Information about the current selection can be found, even before/after using the selection tools. In Gimp 2.10, this data is exposed using the pdb.gimp_selection_bounds()
function, which can be run from the Python Console (Filters/Python-Fu/Console):
>>> [pdb.gimp_selection_bounds(img) for img in gimp.image_list()]
[(1, 124, 180, 310, 257)]
The 1
here indicates that the selection is not empty, the 124
and 180
show the x and y starting points for the selection, and the 310
and 257
show the x and y ending points for the selection. Note that no matter how complex your selection is, you will still only get back information for a single rectangle encompassing all components of the selection. If you feather a selection, the dimensions will expand to cover even the slightest % selected pixels. There will be more than one entry in the list if you have more than one image open.
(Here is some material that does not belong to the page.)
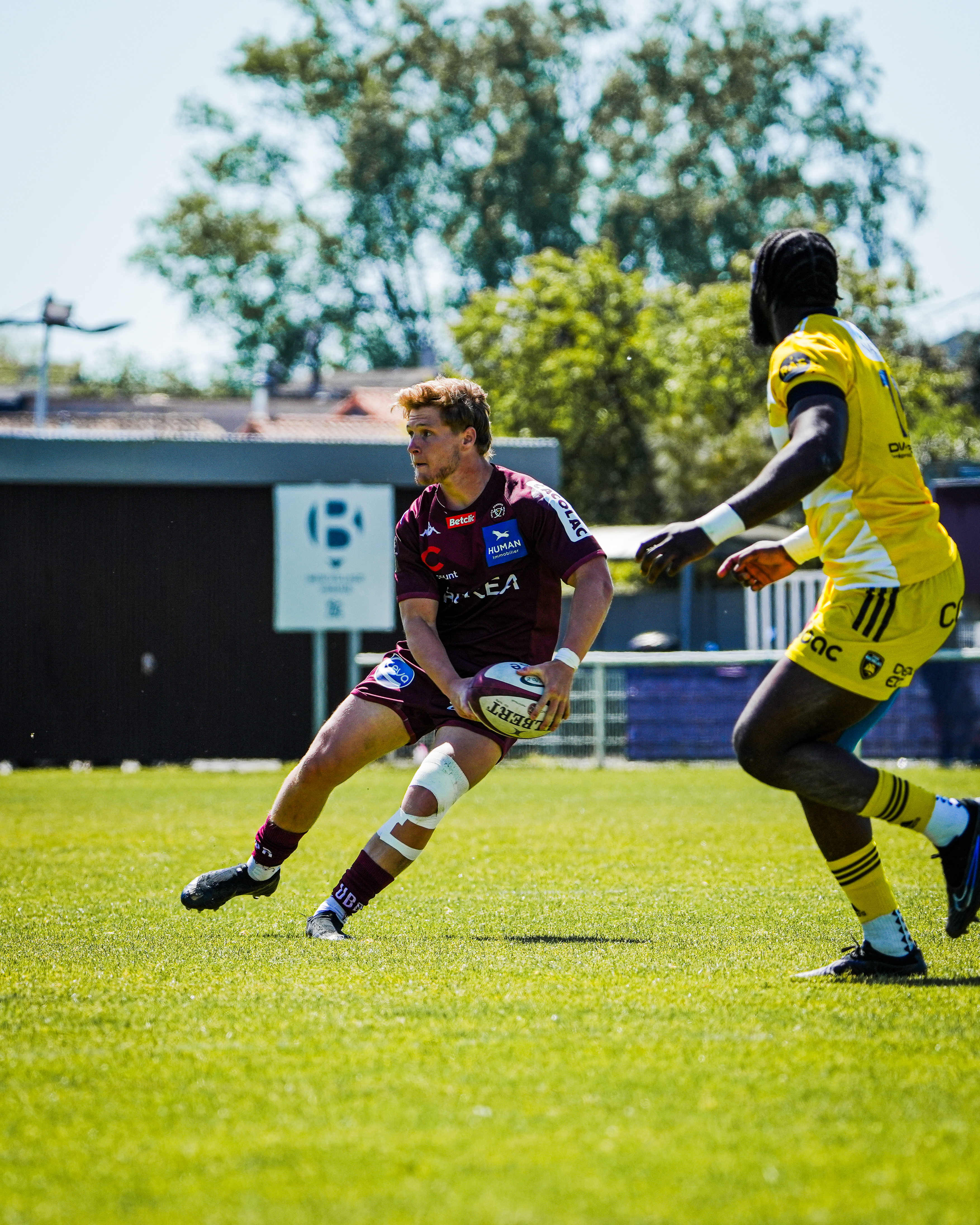 Enfin, après plusieurs attaques infructueuses, Matéo Lavasele parvenait à casser un plaquage puis louvoyait dans la défense rochelaise pour marquer le premier essai de nos Girondins (13' ; 7-7). Par sécurité, Joseph Exshaw choisissait de prendre les poteaux pour prendre le score (22' ; 10-7).

>>> pdb.gimp_selection_bounds(gimp.image_list()[0])
(1, 98, 130, 254, 216)
If you know what index the image you care about is in the gimp image list, you can pick it out directly so you don't have to sift through the others.
>>> bounds = [pdb.gimp_selection_bounds(img) for img in gimp.image_list()]
>>> [(bool(b[0]), b[3] - b[1], b[4] - b[2]) for b in bounds]
[(False, 1920, 1080)]
With a little extra work, we can calculate the size of the selection based on the bounds we get back. Here we see that there is no selection; the dimensions of the image are shown instead.
>>> bounds = [pdb.gimp_selection_bounds(img) for img in gimp.image_list()]
>>> [(bool(b[0]), b[3] - b[1], b[4] - b[2]) for b in bounds]
[(True, 186, 77)]
Here we see that there is a selection, and the width and height of the current selection are calculated.
All of this can also be run from the Script-Fu console, but the code will look a little different. For more frequent use, I would recommend creating a plugin to pop up an info box and assigning a keyboard shortcut, but that's a solution I'll leave to the reader.